Bosnia & Herzegovina TST (IMO - EGMO) 1996 - 2018 46p

geometry problems from Team Selection Tests (TST) of Bosnia and Herzegovina
with aops links in the names                                                             
(only those not in IMO Shortlist)

IMO TST 1996 - 2017  


Let $M$ be a point inside quadrilateral $ABCD$ such that $ABMD$ is parallelogram. If $\angle CBM = \angle CDM$ prove that $\angle ACD = \angle BCM$

In isosceles triangle $ABC$ with base side $AB$, on side $BC$ it is given point $M$. Let $O$ be a circumcenter and $S$ incenter of triangle $ABC$. Prove that $$ SM \mid \mid AC \Leftrightarrow OM \perp BS$$

b) Tetrahedron $ABCD$ has three pairs of equal opposing sides. Find length of height of tetrahedron in function od lengths of sides

Angle bisectors of angles by vertices $A$, $B$ and $C$ in triangle $ABC$ intersect opposing sides in points $A_1$, $B_1$ and $C_1$, respectively.
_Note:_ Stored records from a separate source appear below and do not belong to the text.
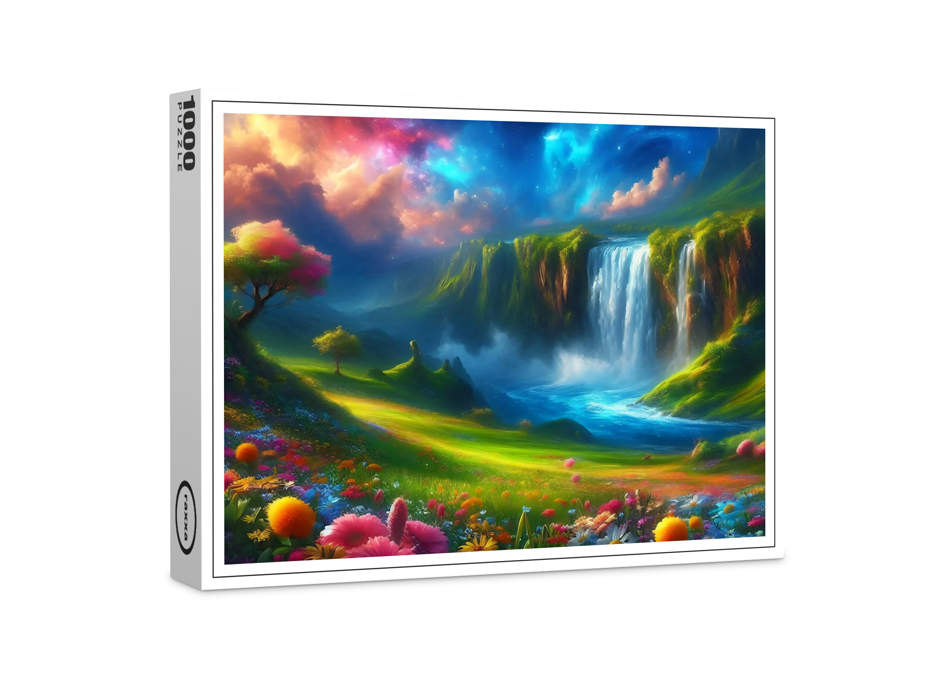 Eine strahlend grüne Wiese voller bunter Blumen, eingerahmt von einem majestätischen Berg mit einem Wasserfall, der in einen sanften Fluss mündet. Am Himmel leuchtet ein galaktischer Nebel in schimmernden Farben, während die Sonne die Wiese mit warmem Licht erfüllt und eine magische Atmosphäre schafft.
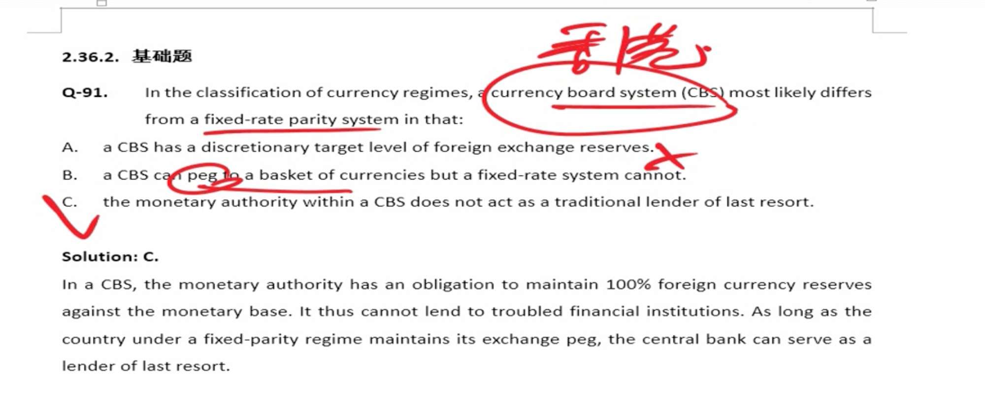B选项CBS不是peg_to_a_basket而是peg_to_a_single_currency?C选项感觉也没有提到和fix_rate_parity的区别。。
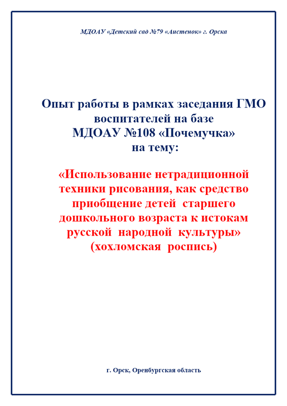 МДОАУ Детский сад No 79 « Аистенок» г. Орск
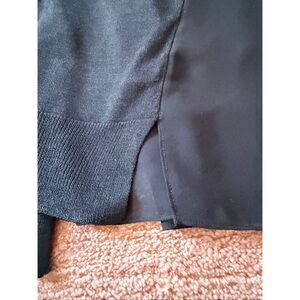 Elegant lightweight cardigan by Nic + Zoe in classic black. Features a deep V-neck, full button front, and a beautiful sheer chiffon back panel that adds movement and a layered look. Soft knit front and sleeves with ribbed cuffs and hem. Flowy, longer length, perfect for office wear, travel, or dressing up a simple top. Can be worn open or buttoned.
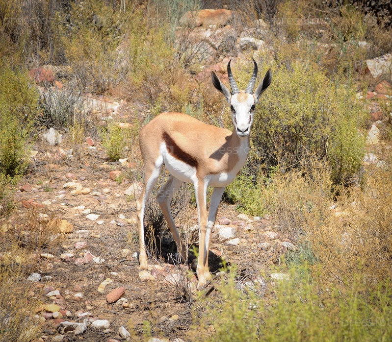 Скачущий антилопа (Antidorcas marsupialis) в кустах, Южная Африка. национальное животное страны

Let $M$ be an arbitrary point on one of the lines $A_1B_1$, $B_1C_1$ and $C_1A_1$. Let $M_1$, $M_2$ and $M_3$ be orthogonal projections of point $M$ on lines $BC$, $CA$ and $AB$, respectively. Prove that one of the lines $MM_1$, $MM_2$ and $MM_3$ is equal to sum of other two.

Circle $k$  with radius $r$ touches the line $p$ in point $A$. Let $AB$ be a dimeter of circle and $C$ an arbitrary point of circle distinct from points $A$ and $B$. Let $D$ be a foot of perpendicular from point $C$ to line $AB$. Let $E$ be a point on extension of line $CD$, over point $D$, such that $ED=BC$. Let tangents on circle from point $E$ intersect line $p$ in points $K$ and $N$. Prove that length of $KN$ does not depend from $C$

Let angle bisectors of angles $\angle BAC$ and $\angle ABC$ of triangle $ABC$ intersect sides $BC$ and $AC$ in points $D$ and $E$, respectively. Let points $F$ and $G$ be foots of perpendiculars from point $C$ on lines $AD$ and $BE$, respectively. Prove that $FG \mid \mid AB$

Let $S$ be a point inside triangle $ABC$ and let lines $AS$, $BS$ and $CS$ intersect sides $BC$, $CA$ and $AB$ in points $X$, $Y$ and $Z$, respectively. Prove that $$\frac{BX\cdot CX}{AX^2}+\frac{CY\cdot AY}{BY^2}+\frac{AZ\cdot BZ}{CZ^2}=\frac{R}{r}-1$$ iff $S$ is incenter of $ABC$

It is given triangle $ABC$ such that $\angle ABC = 3 \angle CAB$. On side $AC$ there are two points $M$ and $N$ in order $A - N - M - C$ and $\angle CBM = \angle MBN = \angle NBA$. Let $L$ be an arbitrary point on side $BN$ and $K$ point on $BM$ such that $LK \mid \mid AC$. Prove that lines $AL$, $NK$ and $BC$ are concurrent.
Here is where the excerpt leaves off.